Nasdaq-Listed Blockchain Firms Face Legal Troubles

Adding “Blockchain” to the name of their firms have demonstrated to be very advantageous to the top management of publicly listed companies over the past year. Nevertheless, this tactic also enticed negative attention from regulators, and now two Nasdaq firms are facing additional troubles.

Riot Blockchain, Inc. (NASDAQ:RIOT) has been hit with a class action lawsuit in the Southern District of Florida. The complaint charges the company, its officers and one of its major shareholders with violations of the US Securities Exchange Act of 1934. Before October 2017, Riot was a biotechnology company known as Bioptix, Inc. that specialized in the development of veterinary diagnostic tools. On October 4, Bioptix announced it was changing its name to Riot Blockchain and shifting its business focus to investing in blockchain technologies. It is accused that as a result of defendants’ false statements and omissions, the prices of Riot’s securities were artificially inflated.

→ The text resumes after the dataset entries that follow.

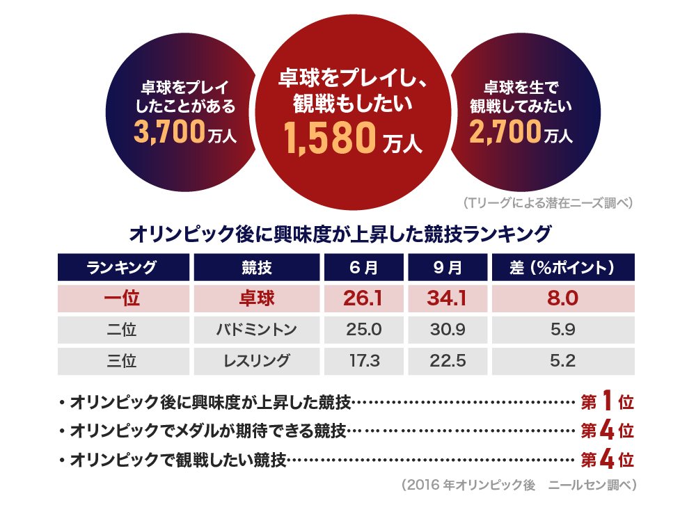 近年、日本における卓球へのイメージは、有名選手の誕生や、2016年のリオ五輪でのメダルラッシュなどをきっかけに、認知・興味度が向上し、メジャーでかっこいいスポーツとして確立しました。また、2020年の東京オリンピックに向けても注目を集めるなど、今、日本で最も“アツい“スポーツになっていると考えています。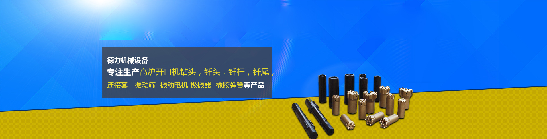 新鄉市德力機械設備有限公司坐落在新鄉高新技術開發西區。地理位置優越,交通、通訊設施便利。 公司是機械部定點生產**廠家,從事釬具研究生產有著經驗和加工制造能力。并具備比較完善的技術檢測能力,整體實力位于同行前列, 公司專注生產高爐開口機鉆頭,釬頭,釬桿,釬尾,連接套等產品廣泛應用于冶金,礦山,煤炭等行業,產品覆蓋各地 始終堅持運用國際、國內的軟件進行產品設計和開發。......更多>> 備案號:豫ICP備17004423號-1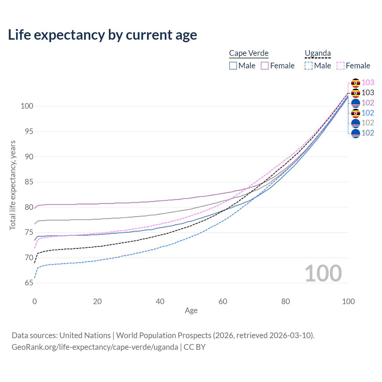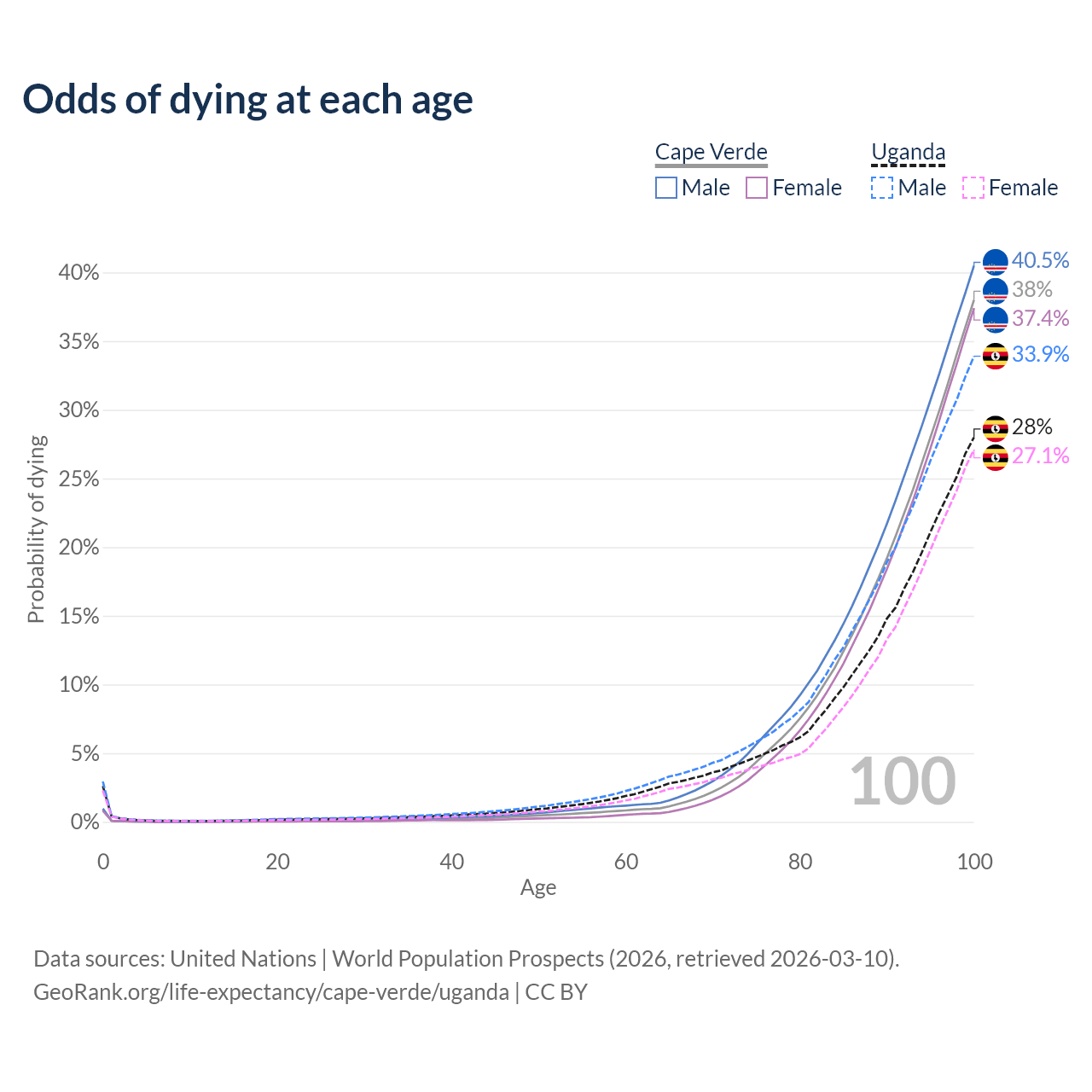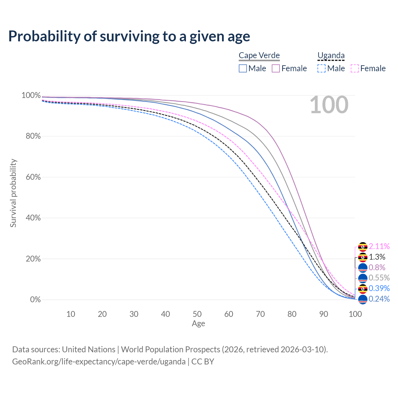 This life expectancy calculator shows the odds of living to 100, 95, 90, and below based on current age for both males and females in Cape Verde and Uganda, along with mean and median age of death. The calculations are based on the 2026 life tables (actuarial tables) from the UN World Population Prospects.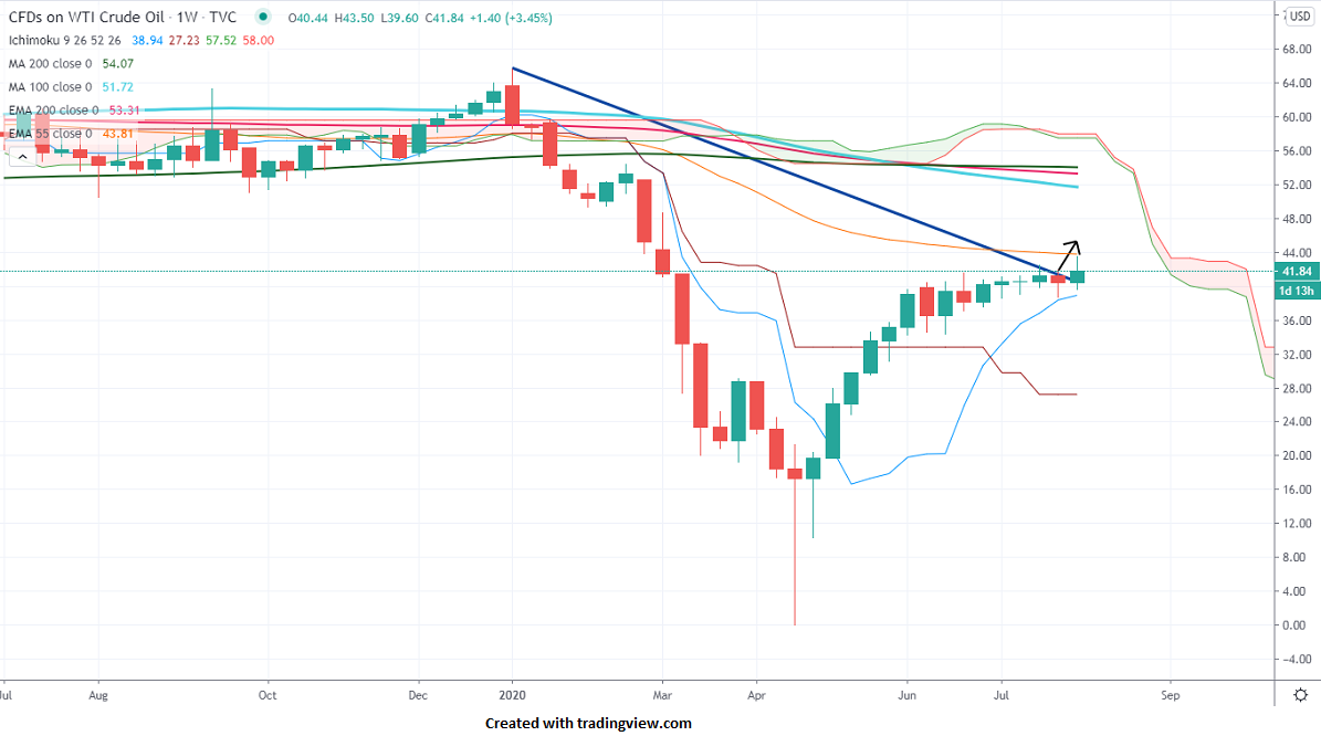 WTI crude oil jumped more than $2 yesterday to $43.50 and started to decline from that level. The jump came after better than expected US EIA crude inventory report. The inventory fell last week by -7.4M compared to an estimate of -3.4M. But the US-China trade tension and spread of the second wave of coronavirus is putting pressure on oil at higher levels.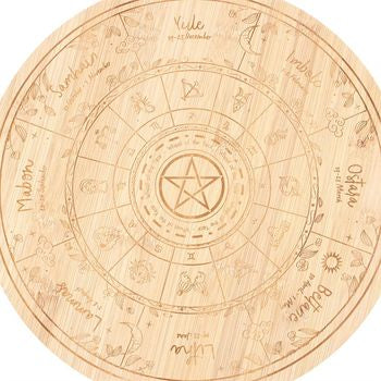 Bring a seasonal touch to gatherings and ritual feasts with this wooden serving board engraved with the Wheel of the Year. Featuring symbols for all eight sabbats, it's both a functional kitchen piece and a meaningful spiritual accent. Hand wash only. Do not soak.
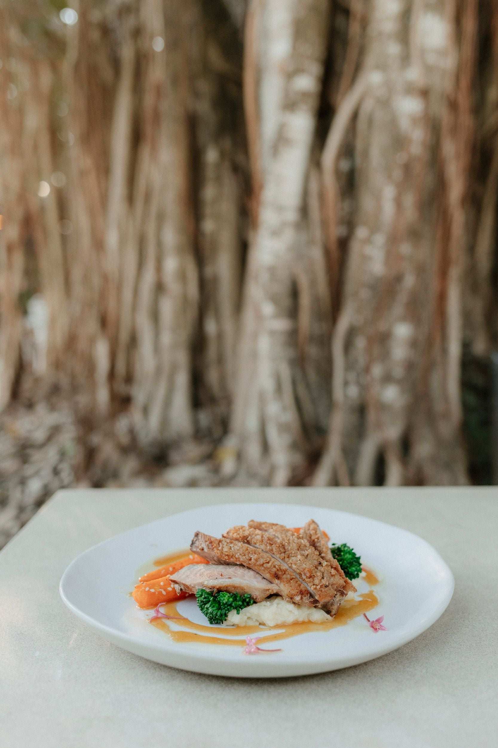 Dining at the Estate is all about setting and atmosphere. Relax on the veranda overlooking the sparkling waters of Crystal Creek, stay cozy by the fire in the cooler months, enjoy the shade of the grand Banyan tree, or find a quiet spot among the gardens. We’re also a dog-friendly café — furry friends on leash are more than welcome.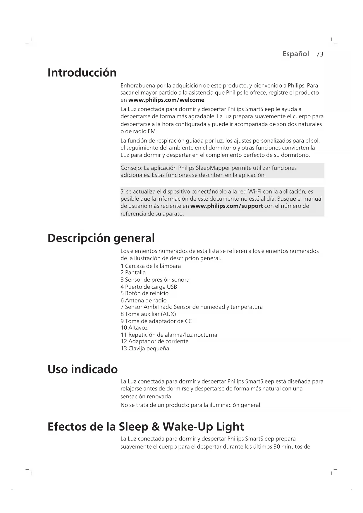 Español Contenido Introducción _____________________________________________________________________________ 73 Descripción general________________________________________________________________________ 73 Uso indicado______________________________________________________________________________ 73 Efectos de la Sleep & Wake-Up Light _________________________________________________________ 73 Información de seguridad importante________________________________________________________ 74 Seguridad y cumplimiento__________________________________________________________________ 76 Campos electromagnéticos (CEM) ___________________________________________________________ 76 Iconos de menú interactivos ________________________________________________________________ 76 Conexión del aparato a una red Wi-Fi ________________________________________________________ 77 Navegación por el menú ___________________________________________________________________ 78 Ajuste de los perfiles de despertar ___________________________________________________________ 79 Hora + respaldo de alarma__________________________________________________________________ 80 Alarma diferida ___________________________________________________________________________ 81 Descarte de la alarma ______________________________________________________________________ 81 Uso del aparato como lámpara de noche _____________________________________________________ 81 Luz nocturna. _____________________________________________________________________________ 82 Ajustes___________________________________________________________________________________ 82 Escuchar música___________________________________________________________________________ 83 Programas de relajación____________________________________________________________________ 84 Simulación del atardecer ___________________________________________________________________ 85 RelaxBreathe (respiración relajada) __________________________________________________________ 85 Función de acostarse ______________________________________________________________________ 87 Carga del teléfono móvil ___________________________________________________________________ 87 Limpieza y almacenamiento ________________________________________________________________ 87 Reciclaje _________________________________________________________________________________ 87 Garantía y asistencia _______________________________________________________________________ 87 Resolución de problemas___________________________________________________________________ 87 Especificaciones ___________________________________________________________________________ 91 Software de código abierto y de otras marcas _________________________________________________ 9373 Español Introducción Enhorabuena por la adquisición de este producto, y bienvenido a Philips. Para sacar el mayor partido a la asistencia que Philips le ofrece, registre el producto en www.philips.com/welcome. La Luz conectada para dormir y despertar Philips SmartSleep le ayuda a despertarse de forma más agradable. La luz prepara suavemente el cuerpo para despertarse a la hora configurada y puede ir acompañada de sonidos naturales o de radio FM. La función de respiración guiada por luz, los ajustes personalizados para el sol, el seguimiento del ambiente en el dormitorio y otras funciones convierten la Luz para dormir y despertar en el complemento perfecto de su dormitorio. Consejo: La aplicación Philips SleepMapper permite utilizar funciones adicionales. Estas funciones se describen en la aplicación. Si se actualiza el dispositivo conectándolo a la red Wi-Fi con la aplicación, es posible que la información de este documento no esté al día. Busque el manual de usuario más reciente en www.philips.com/support con el número de referencia de su aparato. Descripción general Los elementos numerados de esta lista se refieren a los elementos numerados de la ilustración de descripción general. 1 Carcasa de la lámpara 2 Pantalla 3 Sensor de presión sonora 4 Puerto de carga USB 5 Botón de reinicio 6 Antena de radio 7 Sensor AmbiTrack: Sensor de humedad y temperatura 8 Toma auxiliar (AUX) 9 Toma de adaptador de CC 10 Altavoz 11 Repetición de alarma/luz nocturna 12 Adaptador de corriente 13 Clavija pequeña Uso indicado La Luz conectada para dormir y despertar Philips SmartSleep está diseñada para relajarse antes de dormirse y despertarse de forma más natural con una sensación renovada. No se trata de un producto para la iluminación general. Efectos de la Sleep & Wake-Up Light La Luz conectada para dormir y despertar Philips SmartSleep prepara suavemente el cuerpo para el despertar durante los últimos 30minutos de74 Español sueño. Por la mañana temprano, nuestros ojos son más sensibles a la luz que cuando estamos despiertos. Durante ese periodo, los niveles de luz relativamente bajos de un amanecer natural simulado preparan nuestro cuerpo para despertarse y estar alerta. Las personas que utilizan el dispositivo para despertar se despiertan con más facilidad, están de mejor humor por la mañana y se sienten con más energía. Dado que la sensibilidad a la luz es diferente en cada persona, es posible ajustar la intensidad de la luz del aparato a un nivel adecuado a su propia sensibilidad para empezar el día de forma óptima. Para experimentar plenamente los efectos de la Sleep & Wake-Up Light conectada, coloque el aparato a una distancia aproximada de 40-50 cm/16-20 pulgadas de la cabeza, sobre una superficie plana y estable de la mesilla de noche. Si desea obtener más información sobre la Luz conectada para dormir y despertar, visite www.philips.com. Información de seguridad importante Antes de usar el aparato, lea atentamente esta información importante y consérvela por si necesitara consultarla en el futuro. Peligro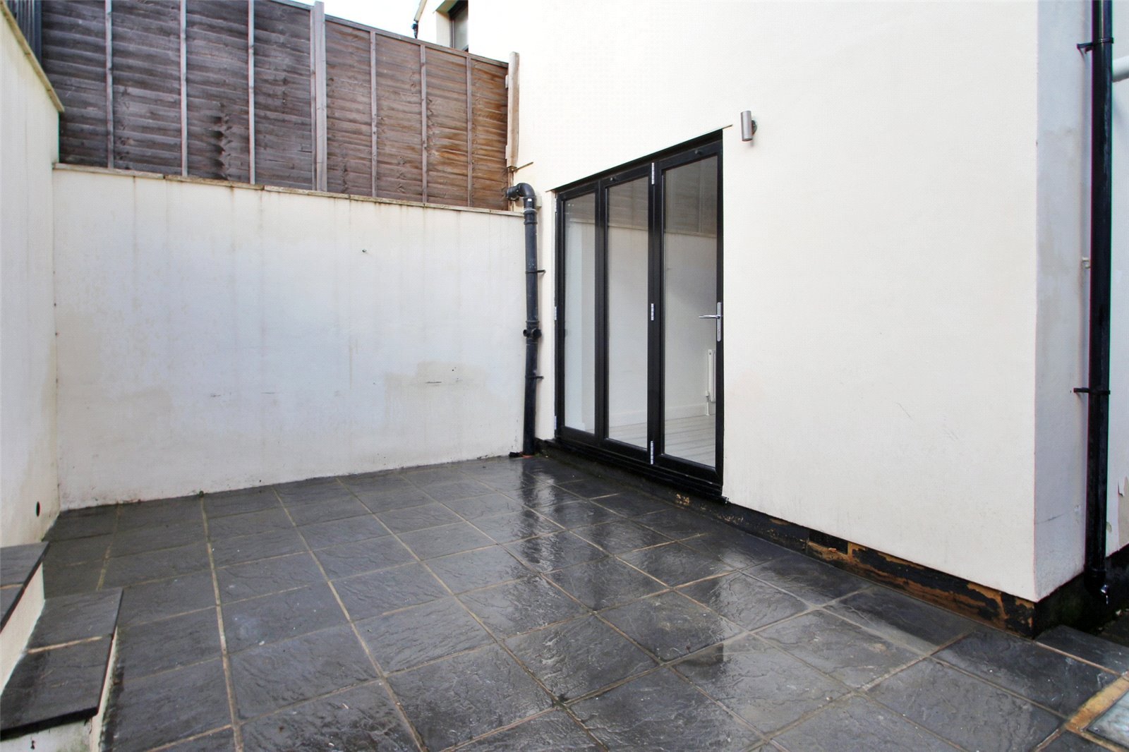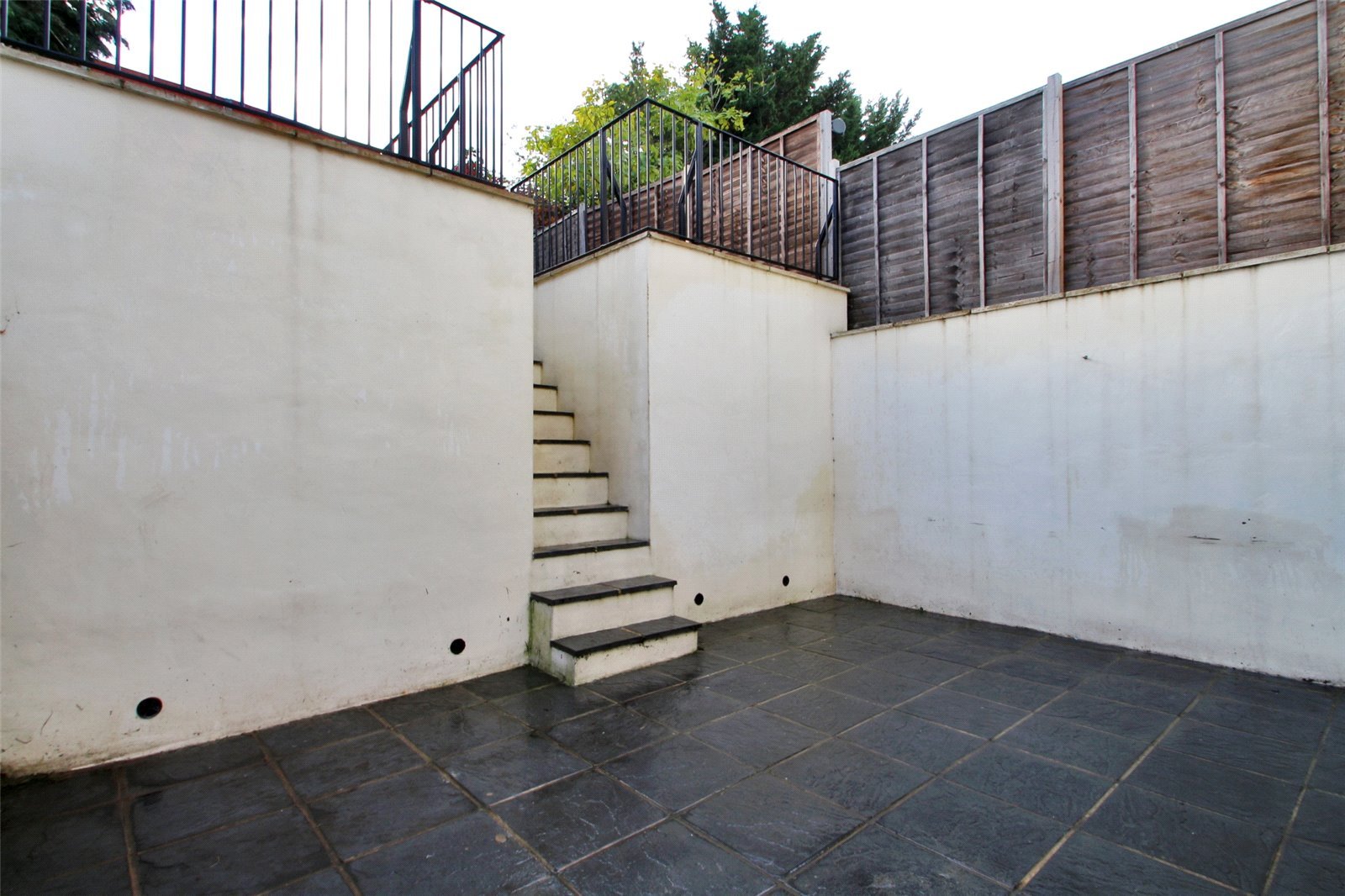 Rear Garden 43' x 17'5" (13.1m x 5.3m). Terrace garden. Paved patio area. Outside tap. Steps leading to artificial lawn area. Walled and fenced with railings.

The complaint alleges that defendants made false and deceptive statements or failed to disclose adverse material information regarding Riot’s business and operations. Specially, the complaint alleges defendants failed to disclose that it had changed its name to Riot Blockchain in order to generate investor passion and tie the company to the recent rise in the price of cryptocurrencies, despite its lack of a significant blockchain business in order to further an insider scheme that would allow Riot’s controlling shareholder Barry Honig and his associates to sell their Riot securities at artificially exaggerated prices. In addition, according to the complaint, Honig and other investors were effectively controlling Riot and its operations and exerting undisclosed influence over the company and its CEO.

(NASDAQ:LBCC) has received a notice from Nasdaq stating that it had determined to delist the company’s securities. SEC documents also show that Nasdaq was canceling its prior notification to Long Blockchain. Prior to June 2017 the company was called Long Island Iced Tea, and gained unsavory reputation when its stock price increased by 432% in a single day after rebranding.

The company has the right to appeal Nasdaq’s determination but even if its appeal is approved, Long Blockchain will still need to regain compliance by April 9, 2018. In order to do this, the market value of the company’s listed securities must remain at $35 million or more for a minimum of ten consecutive business days. If Long Blockchain does not regain compliance by such date, the company’s securities would again be subject to potential delisting.